**Exercise requirements**
Restate the data below word for word, and let no image into your version.

**Supplied material**
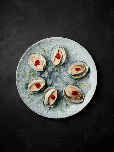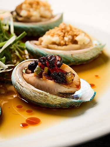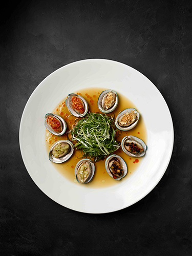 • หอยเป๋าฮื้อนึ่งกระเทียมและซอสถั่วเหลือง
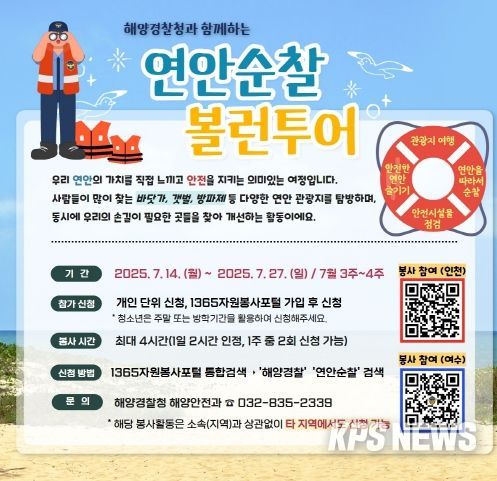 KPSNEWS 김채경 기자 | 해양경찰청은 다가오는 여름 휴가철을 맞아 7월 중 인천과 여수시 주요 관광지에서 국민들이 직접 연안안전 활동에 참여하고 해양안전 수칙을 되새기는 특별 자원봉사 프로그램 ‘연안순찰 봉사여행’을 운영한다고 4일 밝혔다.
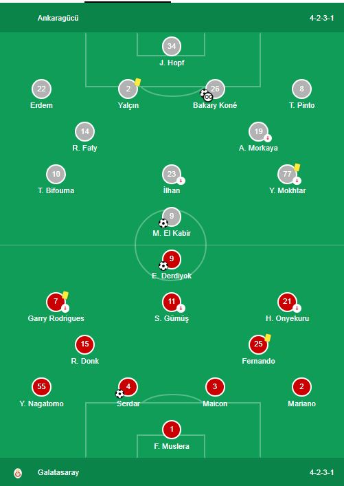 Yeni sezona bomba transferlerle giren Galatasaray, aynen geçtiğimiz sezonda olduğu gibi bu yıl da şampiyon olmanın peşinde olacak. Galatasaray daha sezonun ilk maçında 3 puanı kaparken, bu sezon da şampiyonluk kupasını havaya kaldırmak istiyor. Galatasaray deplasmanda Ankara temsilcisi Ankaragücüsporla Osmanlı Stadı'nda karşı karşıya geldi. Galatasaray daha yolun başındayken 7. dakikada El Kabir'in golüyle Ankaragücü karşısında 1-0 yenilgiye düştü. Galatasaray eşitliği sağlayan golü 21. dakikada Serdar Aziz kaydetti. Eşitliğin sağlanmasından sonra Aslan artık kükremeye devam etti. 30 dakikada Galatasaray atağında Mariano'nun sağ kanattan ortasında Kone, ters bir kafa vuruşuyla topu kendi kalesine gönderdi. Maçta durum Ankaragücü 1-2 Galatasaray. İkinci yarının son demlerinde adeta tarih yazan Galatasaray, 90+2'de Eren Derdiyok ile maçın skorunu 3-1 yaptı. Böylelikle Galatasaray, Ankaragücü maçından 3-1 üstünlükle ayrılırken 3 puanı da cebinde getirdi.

**Task response**
 • หอยเป๋าฮื้อนึ่งกระเทียมและซอสถั่วเหลือง
 KPSNEWS 김채경 기자 | 해양경찰청은 다가오는 여름 휴가철을 맞아 7월 중 인천과 여수시 주요 관광지에서 국민들이 직접 연안안전 활동에 참여하고 해양안전 수칙을 되새기는 특별 자원봉사 프로그램 ‘연안순찰 봉사여행’을 운영한다고 4일 밝혔다.
 Yeni sezona bomba transferlerle giren Galatasaray, aynen geçtiğimiz sezonda olduğu gibi bu yıl da şampiyon olmanın peşinde olacak. Galatasaray daha sezonun ilk maçında 3 puanı kaparken, bu sezon da şampiyonluk kupasını havaya kaldırmak istiyor. Galatasaray deplasmanda Ankara temsilcisi Ankaragücüsporla Osmanlı Stadı'nda karşı karşıya geldi. Galatasaray daha yolun başındayken 7. dakikada El Kabir'in golüyle Ankaragücü karşısında 1-0 yenilgiye düştü. Galatasaray eşitliği sağlayan golü 21. dakikada Serdar Aziz kaydetti. Eşitliğin sağlanmasından sonra Aslan artık kükremeye devam etti. 30 dakikada Galatasaray atağında Mariano'nun sağ kanattan ortasında Kone, ters bir kafa vuruşuyla topu kendi kalesine gönderdi. Maçta durum Ankaragücü 1-2 Galatasaray. İkinci yarının son demlerinde adeta tarih yazan Galatasaray, 90+2'de Eren Derdiyok ile maçın skorunu 3-1 yaptı. Böylelikle Galatasaray, Ankaragücü maçından 3-1 üstünlükle ayrılırken 3 puanı da cebinde getirdi.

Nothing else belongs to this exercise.